◆ **PROBLEM DETAILS**: Given these entries, repeat exactly the lines starting with the one that has "Description: An image" and going on through the one that has "Leírás: Szarvas 1906.", both included, but none of the pictures.

◆ **INFORMATION PROVIDED**:
- Opening Delimiter -

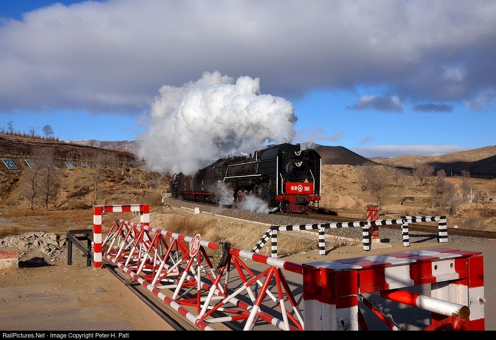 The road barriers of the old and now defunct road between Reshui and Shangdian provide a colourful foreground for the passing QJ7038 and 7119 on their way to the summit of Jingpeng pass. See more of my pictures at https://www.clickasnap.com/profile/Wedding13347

- Closing Delimiter -
- Opening Delimiter -

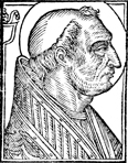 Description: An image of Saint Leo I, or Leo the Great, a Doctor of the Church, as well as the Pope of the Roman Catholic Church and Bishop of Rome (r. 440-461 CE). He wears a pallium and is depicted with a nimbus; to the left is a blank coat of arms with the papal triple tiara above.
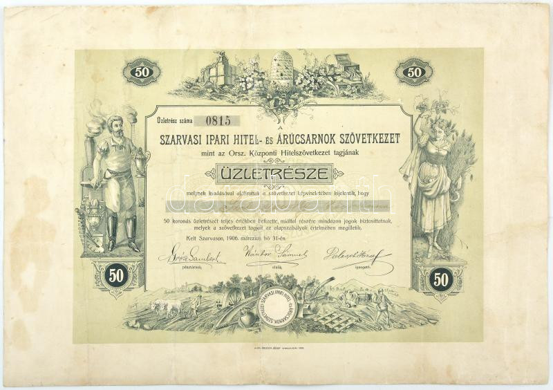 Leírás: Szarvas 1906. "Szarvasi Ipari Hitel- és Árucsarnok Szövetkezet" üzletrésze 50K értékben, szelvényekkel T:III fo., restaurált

- Closing Delimiter -

◆ **FINAL ANSWER**:
 Description: An image of Saint Leo I, or Leo the Great, a Doctor of the Church, as well as the Pope of the Roman Catholic Church and Bishop of Rome (r. 440-461 CE). He wears a pallium and is depicted with a nimbus; to the left is a blank coat of arms with the papal triple tiara above.
 Leírás: Szarvas 1906. "Szarvasi Ipari Hitel- és Árucsarnok Szövetkezet" üzletrésze 50K értékben, szelvényekkel T:III fo., restaurált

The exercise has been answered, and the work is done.